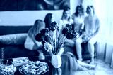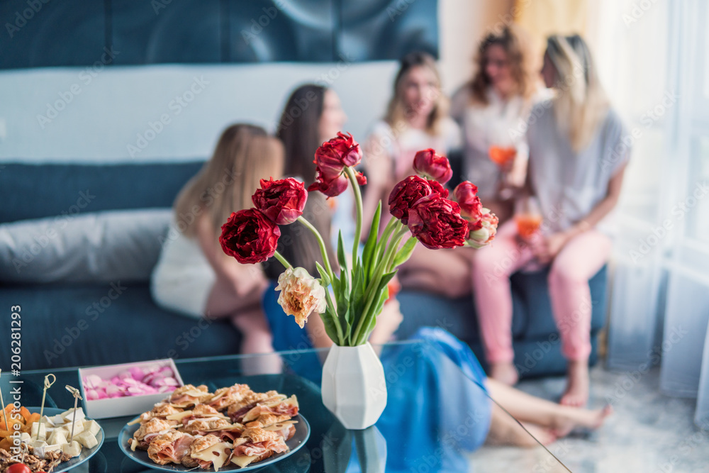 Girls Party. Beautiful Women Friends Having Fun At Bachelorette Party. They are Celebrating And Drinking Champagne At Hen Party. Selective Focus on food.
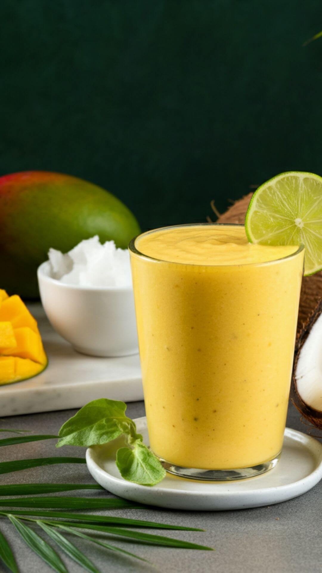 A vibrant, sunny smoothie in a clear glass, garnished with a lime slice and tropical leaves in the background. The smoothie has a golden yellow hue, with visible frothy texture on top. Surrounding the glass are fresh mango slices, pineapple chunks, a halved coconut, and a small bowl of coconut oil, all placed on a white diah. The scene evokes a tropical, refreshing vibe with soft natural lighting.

...

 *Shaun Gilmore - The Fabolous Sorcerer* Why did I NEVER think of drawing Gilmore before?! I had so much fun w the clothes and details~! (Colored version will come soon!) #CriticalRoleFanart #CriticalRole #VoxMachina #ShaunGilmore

---

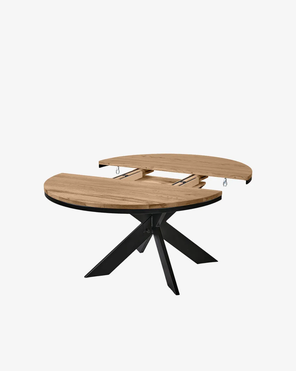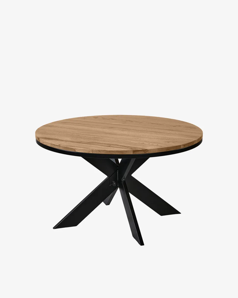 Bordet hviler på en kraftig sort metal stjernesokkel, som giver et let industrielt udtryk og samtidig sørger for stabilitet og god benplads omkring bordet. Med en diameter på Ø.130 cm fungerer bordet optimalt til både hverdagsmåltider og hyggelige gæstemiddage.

■ Problem statement ■
Your task is to copy only the lines above starting at the one containing "Girls Party. Beautiful" and ending at the one containing "A vibrant, sunny". Copy them exactly, both ends included, and omit the pictures.

■ Exercise result ■
 Girls Party. Beautiful Women Friends Having Fun At Bachelorette Party. They are Celebrating And Drinking Champagne At Hen Party. Selective Focus on food.
 A vibrant, sunny smoothie in a clear glass, garnished with a lime slice and tropical leaves in the background. The smoothie has a golden yellow hue, with visible frothy texture on top. Surrounding the glass are fresh mango slices, pineapple chunks, a halved coconut, and a small bowl of coconut oil, all placed on a white diah. The scene evokes a tropical, refreshing vibe with soft natural lighting.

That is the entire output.